The Department of Veterans Affairs’ top IT official has resigned from his post, raising more uncertainty about the fate of a long-delayed deal with Cerner to modernize the system’s EHR.
VA Acting CIO Scott Blackburn announced his resignation on Twitter Tuesday, calling it a "bittersweet moment." He posted a letter calling his nearly four-year career with the agency “the honor of my professional life,” but offered no reason for his resignation.
“My effort has always been about better caring for Veterans regardless of Presidential administration, Republican or Democrat—and I have been honored to serve alongside both in a bipartisan way,” he wrote.

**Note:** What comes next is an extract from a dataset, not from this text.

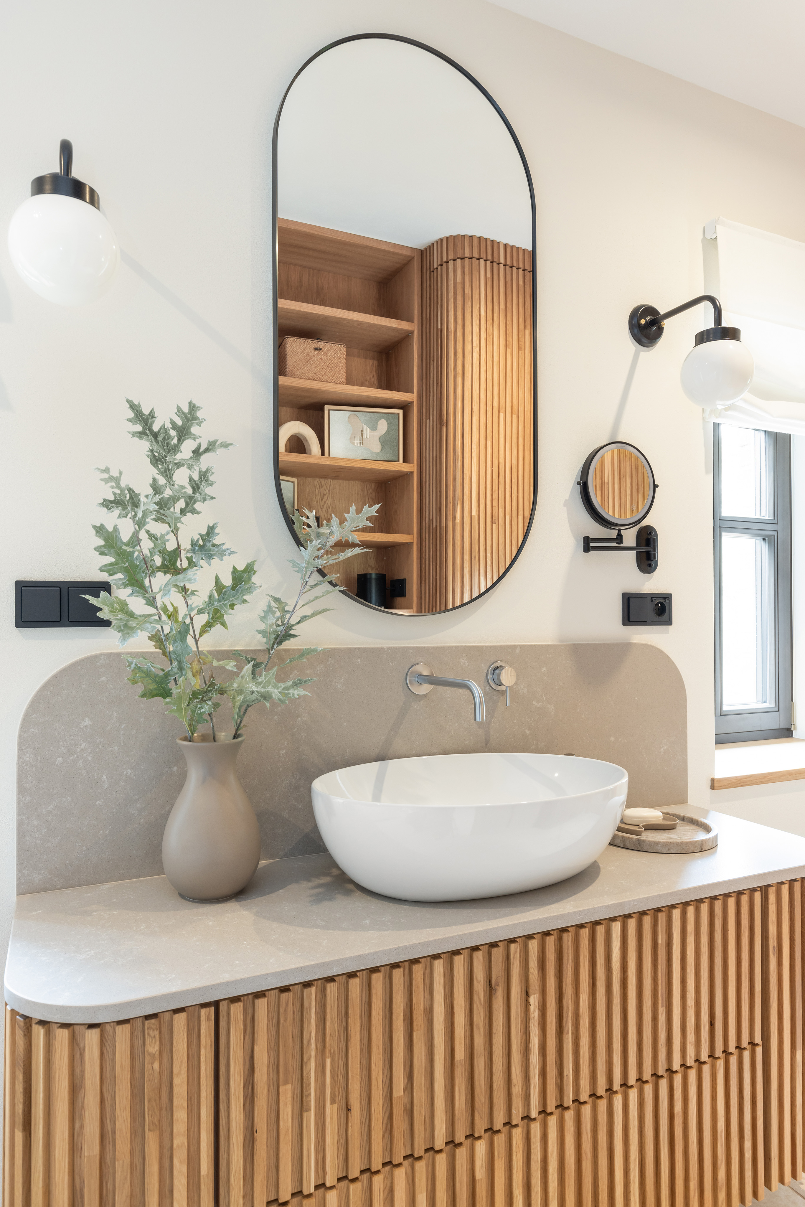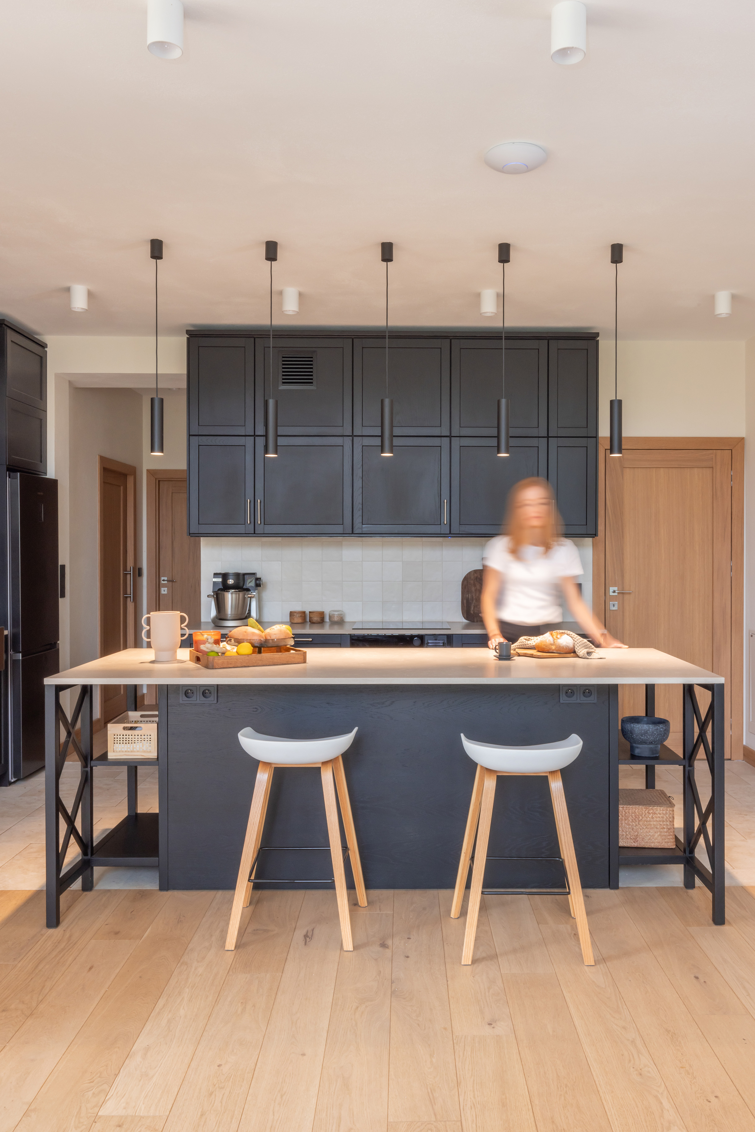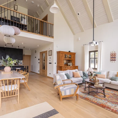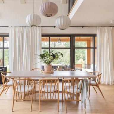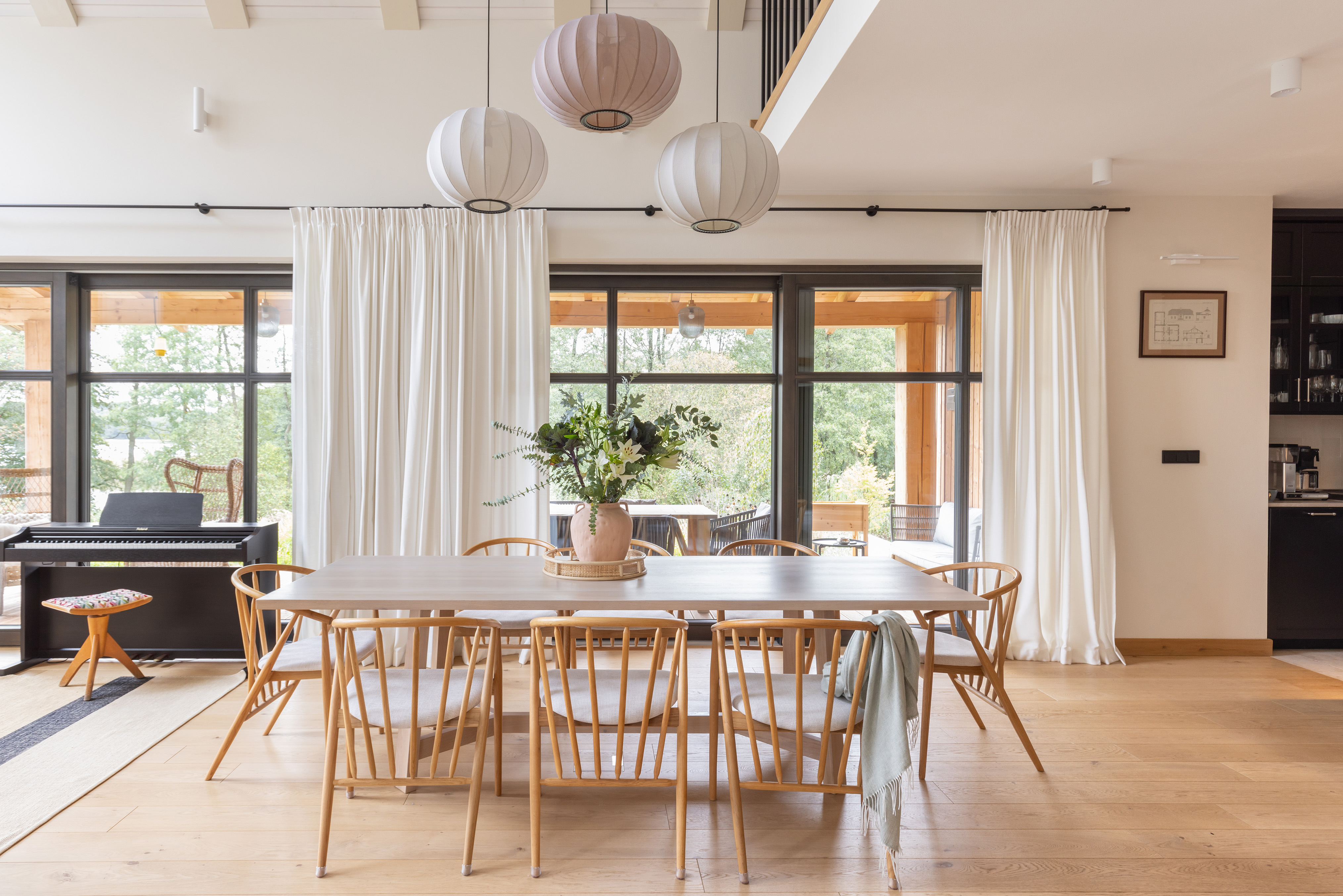 Projektantkom zależało, aby wnętrza nie były „przeprojektowane” – miały pozostać lekkie i gotowe na zmiany. W tym celu wkomponowano w nie również istniejące meble, takie jak antyczny kredens właścicielki, nadając domowi osobisty wymiar. Całość tworzy skromną, niemal niepozorną przestrzeń, która sprzyja byciu blisko natury.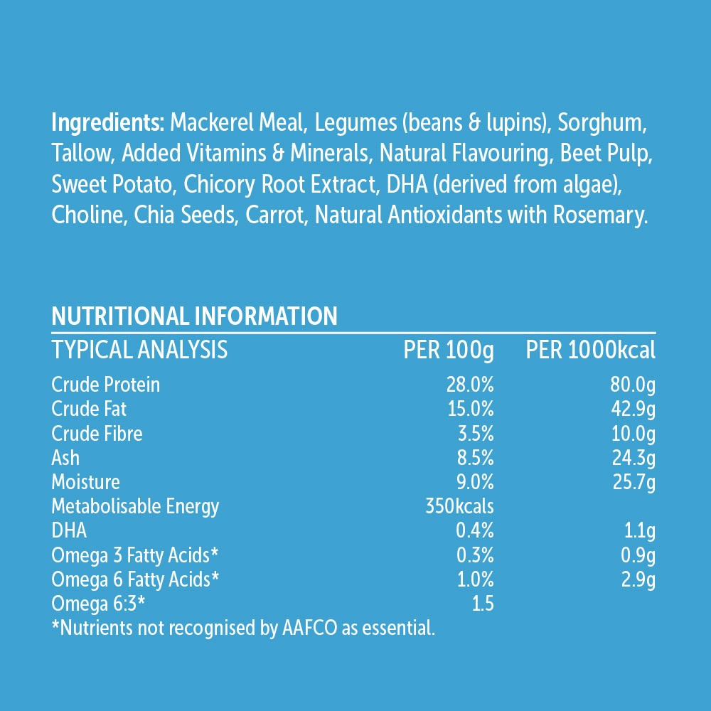 Glow is an Australian made pet food that your best friend deserves. Crafted from natural ingredients, their delicious recipes provide a balanced diet for your dog, giving them everything they need for a vibrant, healthy life. Glow Adult Australian Mackerel is formulated with locally sourced, protein rich whole mackerel along with carrots for healthy eyesight, green beans for a wholesome source of vegetable protein and sweet potato which is gentle on the digestive system.

This is a bittersweet moment in my career. Today I officially resigned my position at @DeptVetAffairs. It has been the honor of my life. Too many people to thank. Will continue to advocate for #Veterans in other ways. Next stop - time off for a few months :) pic.twitter.com/qN9HWWocjn— Scott Blackburn (@Srblackb) April 17, 2018
After he was appointed as interim CIO in October, succeeding longtime CIO Rob Thomas who retired after 35 years, Blackburn took over as one of the leading officials behind the system’s EHR modernization efforts that involved an estimated $16 billion deal with Cerner. Prior to his appointment, Blackburn served as the interim deputy secretary for eight months.
Blackburn categorized the overhaul as “the largest implementation of a healthcare system EHR ever,” adding that the VA planned to lean on the off-the-shelf system while “absolutely minimizing the customization.”
His departure adds more uncertainty to the Cerner contract that was initially slated to be signed in November. Concerns about interoperability delayed the contract, and VA Secretary David Shulkin’s ouster raised new questions about when, or if, the deal would be finalized. After firing Shulkin, President Donald Trump named White House doctor Ronny Jackson as his replacement.
The VA did not respond to a request for comment and it remains unclear who will replace Blackburn as acting CIO.
Blackburn made no mention of the deal in his resignation letter but said he would remain “both VA’s biggest cheerleader and critic from afar."
“Veterans deserve the best from VA—and there remains a lot of hard work to get where the VA needs to be,” he wrote.